# Is this Phrag. pearcei okay?



## The Orchid Boy (Mar 28, 2013)

I my Phrag. pearcei okay? I've noticed it seems to be slow in leaf growth, but it does seem to be doing well in growing roots. It has gotten a lot of yellow leaves and I've cut them off once they got ugly. I've had it since 12/14/13 and I transferred to S/H on 1/27/13. It may have grown leaves but I just didn't notice because it has 14 growths. 2 new growths started around when I transferred to S/H but they still aren't much but little nubs. I also noticed today on one of the mature growths there is some strange coloration on the leaves. Should I be worried? I flush it once a week, always keep water in the saucer, fertilize w/ K-lite at 1/4 tsp. per gallon once a month, and I only use distilled water. It looks like hardly any of the growths have bloomed.

Leaf coloration










The plant now


----------



## gonewild (Mar 28, 2013)

More water.... Try to keep the media surface moist. Right now most pearcei in their natural habitat are completely submerged under water. They like a lot of water.


----------



## The Orchid Boy (Mar 28, 2013)

It is in S/H. Just under the surface the LECA is moist.

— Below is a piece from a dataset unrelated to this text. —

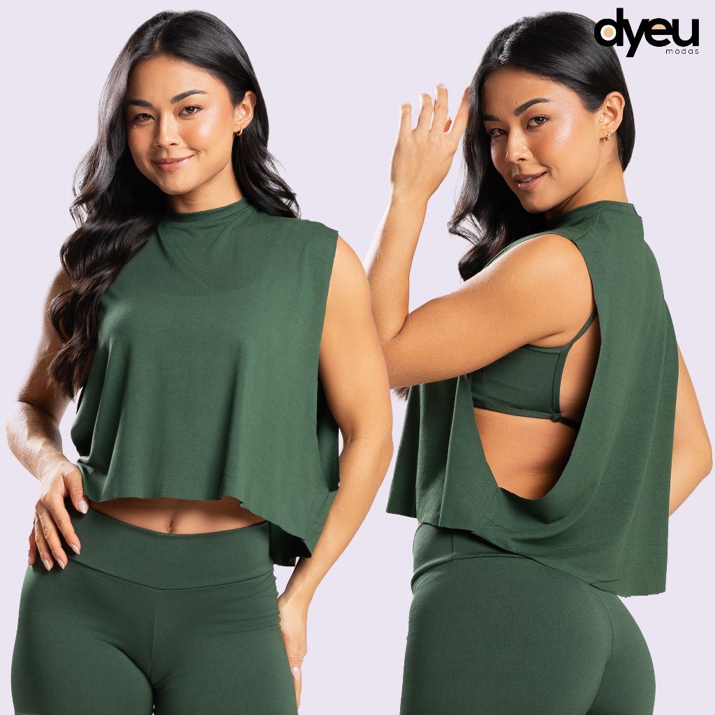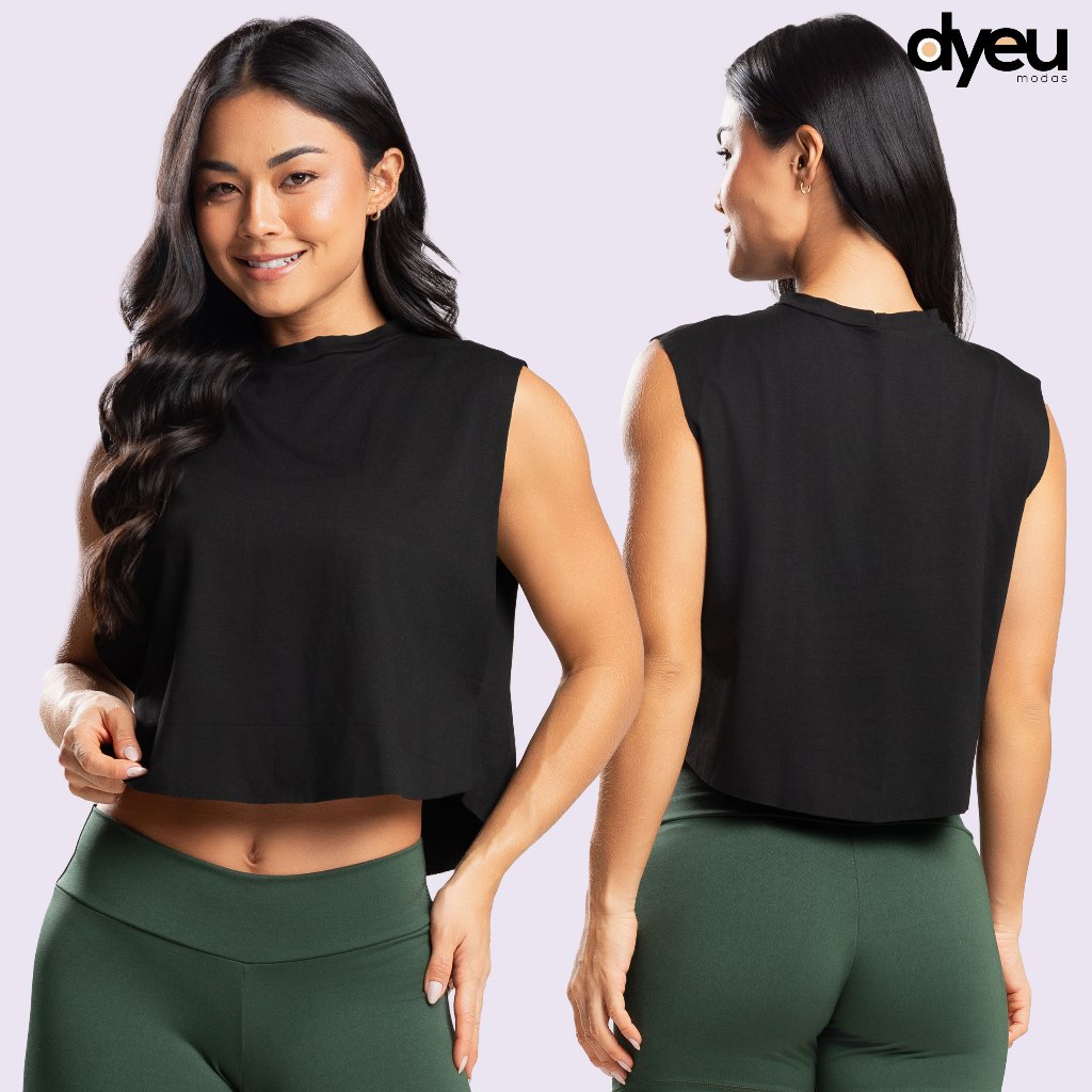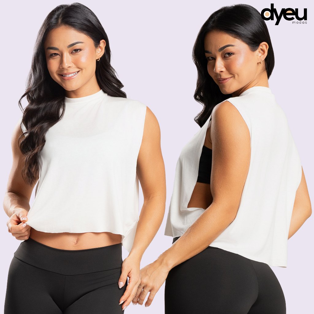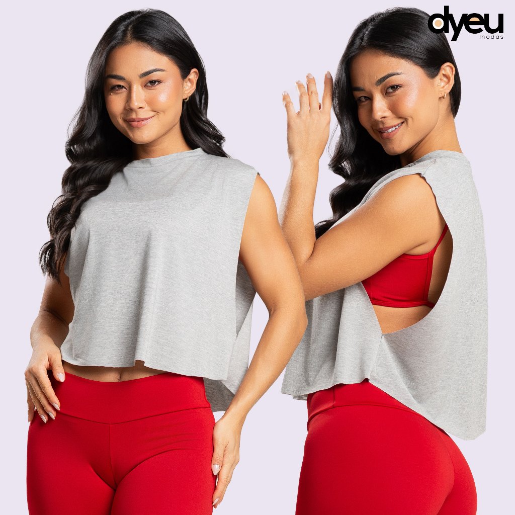 Camiseta Cropped Fitness Feminina Academia Regata Cavada Crossfit Dyeu

There is just a "dry line".


----------



## NYEric (Mar 28, 2013)

wetter.


----------



## Leo Schordje (Mar 28, 2013)

Sounds like you are giving enough water. Does it stand in water, or is there a water resevoir? Still make sure to flush the water, I think they do best with a complete change of water at least once a week. Also, new roots come out right near the surface. So I would put a layer of NZ Sphagnum, maybe 1/4 to 1/2 inch thick over the aggregate. That way it stays moist to the top. New root buds will be able to reach down then without dry tips. 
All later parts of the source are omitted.